## About this exercise
Write out every entry exactly as it appears, omitting the pictures.

********

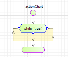 In “while loop” you define some action or a sequence of actions using other action chart blocks. These actions are executed if the condition defined for this loop evaluates to true. The condition is evaluated once at the beginning of the loop and again before each further iteration of the action.
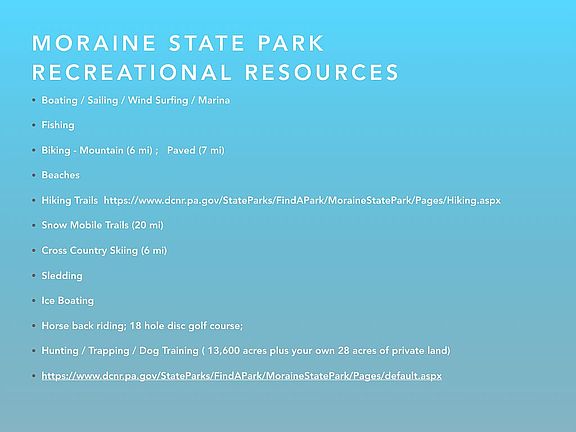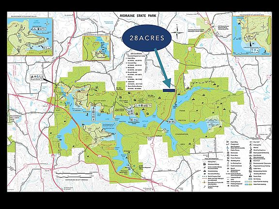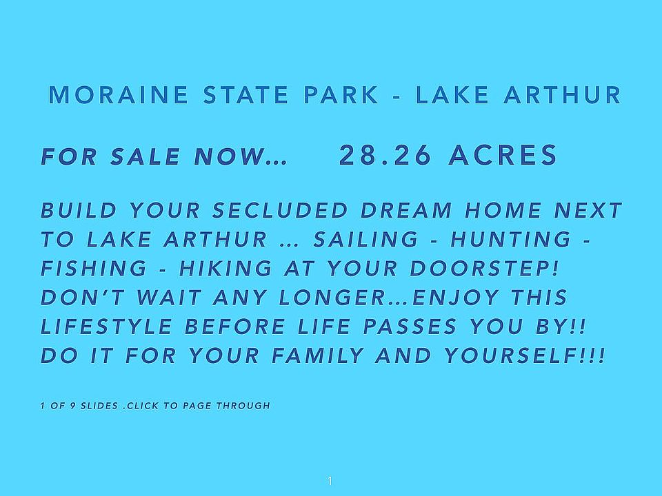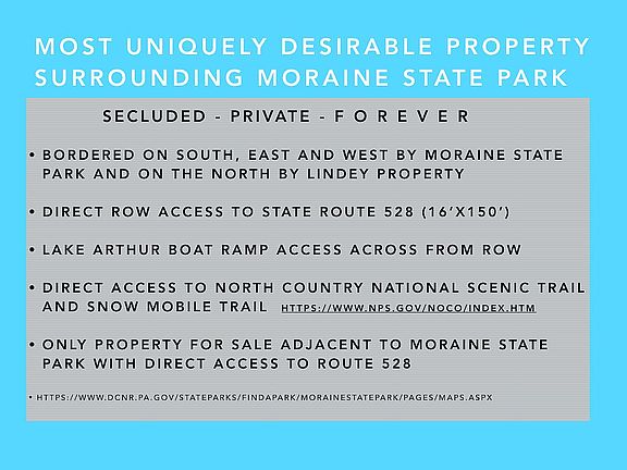 Secluded 28 acre homesite adjacent to Moraine State Park, Lake Arthur PA...surrounded on three sides by State Park... the only land for sale that is adjacent to the park with direct ROW access to Prospect Rd / Route 528. All land surrounding Lake Arthur is owned by the state of PA...Moraine State Park. You can't get any closer to the lake and the Park resources than this.
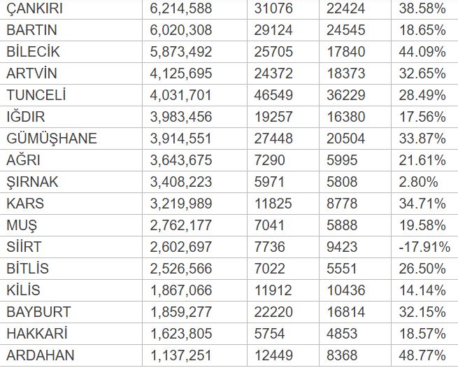 Türkiye genelinde son 1 yılda kişi başına düşen döviz mevduatı tutarını en fazla artıran il ise Batman. Batman'da toplam 9 milyon 640 bin liralık mevduat bulunurken, son 1 yıldaki artış oranı yüzde 50.41. İkinci sırada yer alan Ardahan'ın ardından ise yüzde 44,09 ile üçüncü olarak Bilecik bulunuyor. Bilecik'teki toplam döviz mevduatı 5 milyon 873 bin 492 lira.
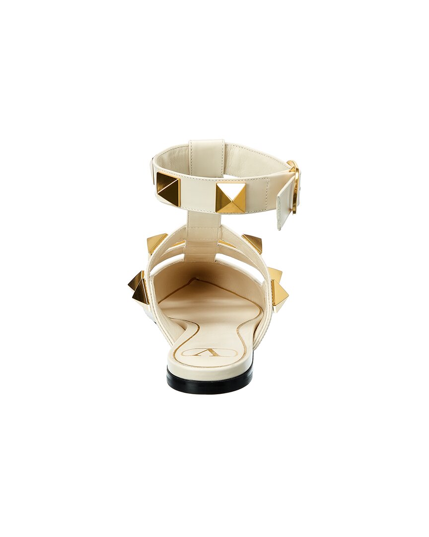 - Roman Stud Leather Ankle Strap Flat In Milk Leather And Gold-Tone Hardware With Pyramid Stud Details
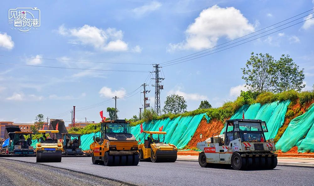 文昌国际航天城起步区“三横五纵”路网工程(一期)项目现场,施工人员进行路面沥青铺设工作。海南日报记者 封烁 摄
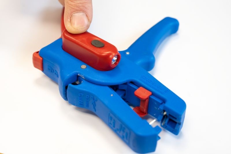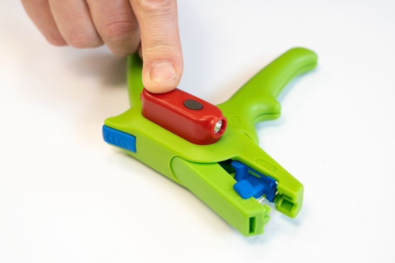 Slimme engineers bij WEICON; extra toevoeging aan alle striptang van WEICON Series No. 5 en No.7. LED lamp kan eenvoudig en snel worden gemonteerd op de bestaande striptangen. Naamplaatje van je tang verwijderen en je kan je nieuwe LED lamp met één beweging vastklikken in je tang.
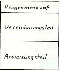 Jedes Pascal-Programm besteht, grob unterteilt, aus drei Teilen. Dies sind der Programmkopf, der Vereinbarungsteil und der Anweisungsteil. Der Programmkopf ist in vielen Pascalversionen zwingend notwendig. Bei Turbo-Pascal kann er jedoch weggelassen werden. Es empfiehlt sich aber trotzdem einen Programmnamen anzugeben, weil man damit den Inhalt des Listings beschreiben kann. Als Programmkopf wurde bei diesem Beispiel ’program multiplikation’ gewählt.
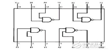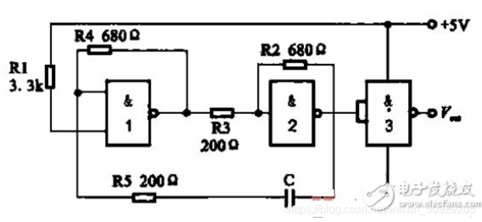 可用于进行与非判断,基本RS触发器,与非门方波发生器等。其中与非门1、2与外界RC时间常数元件组成振荡电路,与非门3为缓冲输出级。只要改变C的容量,便可获得不同频率的方波输出。
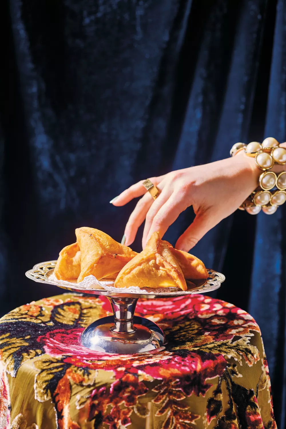 Breng 2 kanten naar elkaar toe en knijp dicht. Breng de derde kant omhoog zodat het lijkt op een driehoek en knijp om goed te sluiten. Leg op de bakplaat.
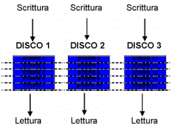 Striping: i dischi vengono uniti logicamente in un'unica unità.

********

## Written response
 In “while loop” you define some action or a sequence of actions using other action chart blocks. These actions are executed if the condition defined for this loop evaluates to true. The condition is evaluated once at the beginning of the loop and again before each further iteration of the action.
 Secluded 28 acre homesite adjacent to Moraine State Park, Lake Arthur PA...surrounded on three sides by State Park... the only land for sale that is adjacent to the park with direct ROW access to Prospect Rd / Route 528. All land surrounding Lake Arthur is owned by the state of PA...Moraine State Park. You can't get any closer to the lake and the Park resources than this.
 Türkiye genelinde son 1 yılda kişi başına düşen döviz mevduatı tutarını en fazla artıran il ise Batman. Batman'da toplam 9 milyon 640 bin liralık mevduat bulunurken, son 1 yıldaki artış oranı yüzde 50.41. İkinci sırada yer alan Ardahan'ın ardından ise yüzde 44,09 ile üçüncü olarak Bilecik bulunuyor. Bilecik'teki toplam döviz mevduatı 5 milyon 873 bin 492 lira.
 - Roman Stud Leather Ankle Strap Flat In Milk Leather And Gold-Tone Hardware With Pyramid Stud Details
 文昌国际航天城起步区“三横五纵”路网工程(一期)项目现场,施工人员进行路面沥青铺设工作。海南日报记者 封烁 摄
 Slimme engineers bij WEICON; extra toevoeging aan alle striptang van WEICON Series No. 5 en No.7. LED lamp kan eenvoudig en snel worden gemonteerd op de bestaande striptangen. Naamplaatje van je tang verwijderen en je kan je nieuwe LED lamp met één beweging vastklikken in je tang.
 Jedes Pascal-Programm besteht, grob unterteilt, aus drei Teilen. Dies sind der Programmkopf, der Vereinbarungsteil und der Anweisungsteil. Der Programmkopf ist in vielen Pascalversionen zwingend notwendig. Bei Turbo-Pascal kann er jedoch weggelassen werden. Es empfiehlt sich aber trotzdem einen Programmnamen anzugeben, weil man damit den Inhalt des Listings beschreiben kann. Als Programmkopf wurde bei diesem Beispiel ’program multiplikation’ gewählt.
 可用于进行与非判断,基本RS触发器,与非门方波发生器等。其中与非门1、2与外界RC时间常数元件组成振荡电路,与非门3为缓冲输出级。只要改变C的容量,便可获得不同频率的方波输出。
 Breng 2 kanten naar elkaar toe en knijp dicht. Breng de derde kant omhoog zodat het lijkt op een driehoek en knijp om goed te sluiten. Leg op de bakplaat.
 Striping: i dischi vengono uniti logicamente in un'unica unità.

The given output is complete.